Sunday, January 10, 2016

Observing cache hit/miss rates

At InterModal Data we build large systems with many components running in highly available configurations 24x7x365. For such systems, understanding how the components are working is very important. Our analytics system measures and records thousands of metrics from all components and makes these measurements readily available for performance analysis, capacity planning, and trouble shooting. Alas, having access to the records of hundreds of thousands of metrics is not enough, we need good, concise methods of showing that in meaningful ways. In this post, we'll look at the cache hit/miss data for a storage system and a few methods of observing the data.

In general, caches exist to optimize the cost vs performance of a system. For storage systems in particular, we often see RAM working as cache for drives. Drives are slow, relatively inexpensive ($/bit) and persistently store data even when powered off. By contrast, RAM is fast, relatively expensive, and volatile. Component and systems designers balance the relatively high cost of RAM against the lower cost of drives while managing performance and volatility. For the large systems we design at InterModal Data, the cache designs are very important to overall system scalability and performance.

Once we have a cache in the system, we're always interested to know how well it is working. If over-designed, adding expensive caches just raises the system cost, adding little benefit. One metric often used for this analysis is the cache hit/miss ratio. Hits are good, misses are bad. But it is impossible to always have 100% hits when volatile RAM is used. We can easily plot this over time as our workload varies.

In the following graphs, the data backing the graph is identical. The workload varies over approximately 30 hours.

Traditionally, this is tracked as the hit/miss ratio easily represented as a ratio.

Here we see lots of hits (green = good) with a few cases where the misses (red = bad) seem to rear their ugly heads. Should we be worried? We can't really tell from this graph because there is only the ratio, no magnitude. Perhaps the system is really idle and a handful of misses are measured. When presented with only hit/miss ratio, it is impractical to make any analysis, the magnitude is also needed. Many analysis systems then show you the magnitudes stacked as below.

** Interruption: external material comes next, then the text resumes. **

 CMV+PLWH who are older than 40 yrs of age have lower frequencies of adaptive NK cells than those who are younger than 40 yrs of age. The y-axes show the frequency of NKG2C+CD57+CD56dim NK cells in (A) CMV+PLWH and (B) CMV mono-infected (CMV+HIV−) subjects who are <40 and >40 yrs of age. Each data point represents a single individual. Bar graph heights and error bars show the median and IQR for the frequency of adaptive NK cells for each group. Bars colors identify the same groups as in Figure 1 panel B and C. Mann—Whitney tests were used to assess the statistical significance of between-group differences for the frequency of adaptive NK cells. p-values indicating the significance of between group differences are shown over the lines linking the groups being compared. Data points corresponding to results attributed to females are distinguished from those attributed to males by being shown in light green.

In this view, the number of accesses are the top of the stacked lines. Under each access point we see the ratio of hits/misses expressed as magnitude. This is better than the ratio graph. Now we can see that the magnitudes are changing from a few thousand accesses/second to approximately 170,000 accesses/second. We can also see that there were times where we saw misses, but during those times the number of accesses was relatively small. If the ratio graph caused some concern, this graph removes almost all of that concern.

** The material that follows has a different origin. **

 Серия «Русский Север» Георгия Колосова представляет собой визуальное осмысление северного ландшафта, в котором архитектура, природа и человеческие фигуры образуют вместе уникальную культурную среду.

However, in this graph we also lose the ability to discern the hit/miss ratio because of the stacking. Consider if we had two or more levels of cache and wanted to see the overall cache effectiveness, we could quickly lose the details in the stacking.

Recall that hits are good (green) and misses are bad (red). Also consider that Wall Street has trained us to like graphs that go "up and to the right" (good). We can use this to our advantage and more easily separate the good from the bad.

Here we've graphed the misses as negative values. Hits go up to the top and are green (all good things). Misses go down and are red (all bad things). The number of accesses is the spread between the good and the bad, so as the spread increases, more work is being asked of the system. In this case we can still see that the cache misses are a relatively small portion of the overall access and, more importantly, occur early in time. As time progresses the hit ratio and accesses both increase for this workload. This is a much better view of the data.

Here is another example of the SSD read cache for this same experiment. First, the hit/miss ratio graph.

If this was the only view you see, you should be horrified: too much red and red is bad! Don't panic.

This graph clearly shows the story in the appropriate context. There are some misses and hits, but the overall magnitude is very low, especially when compared to the RAM cache graph of the same system. No need to panic, the SSD cache is doing its job, though it is not especially busy compared to the RAM cache.

This method scales to multiple cache levels and systems -- very useful for the large, scalable systems we design at InterModal Data.